The guy sitting across from me usually does not say, “My mitochondria are exhausted.” He says he cannot get moving in the morning. He says the weight feels heavier than it should. He says he sleeps eight hours and still wakes up like somebody pulled the battery out of him overnight. Then he tells me his testosterone is low, like we have already found the villain, like the lab number finally gave a name to the thing he has been feeling for the last five years.
I get why he says it that way. Testosterone is tangible. It has a number. It has clinics, podcasts, ads, syringes, patches, gels, before and after photos, and a whole cultural mythology wrapped around it. Mitochondria do not have that kind of marketing department. They just sit there inside the cell, making energy, managing stress, shaping signaling, deciding whether the body has enough capacity to build, repair, reproduce, and perform.
That last word matters. Perform. The body does not hand out reproductive horsepower when it thinks the factory floor is on fire.
Testosterone is made in the Leydig cells of the testes, and those Leydig cells are not floating around with a magic hormone button inside them. They are living cells. They have membranes. They have enzymes. They have mitochondria. The early steroidogenic step, where cholesterol is moved and converted into pregnenolone through the StAR protein and CYP11A1 system, lives right at the mitochondrial level. That step requires energy. It requires a clean transfer of electrons. It requires NADPH. It requires redox conditions that let the cell do precision work instead of emergency work.
So when a man says, “My testosterone is low,” I hear a second question underneath it. Can the cell afford to make testosterone right now?

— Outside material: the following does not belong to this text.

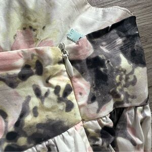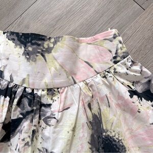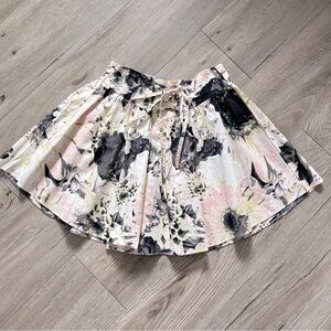 Adorable flared mini skirt from Urban Outfitters. Lovely pastel springy colours in a floral print. Zip up closure, cute lace up detail in the back.

Because that is the question biology is asking. Not whether the man wants to feel more driven. Not whether he misses his morning erections. Not whether he wants to squat what he squatted at 27. Biology is colder than that. Biology looks at available energy, oxidative stress, inflammatory tone, sleep architecture, nutrient density, circadian input, thyroid signaling, insulin dynamics, and recovery debt. Then it decides how much building, repairing, and reproducing the system can afford.
The hormone lab is the report from the factory. It is not always the broken machine.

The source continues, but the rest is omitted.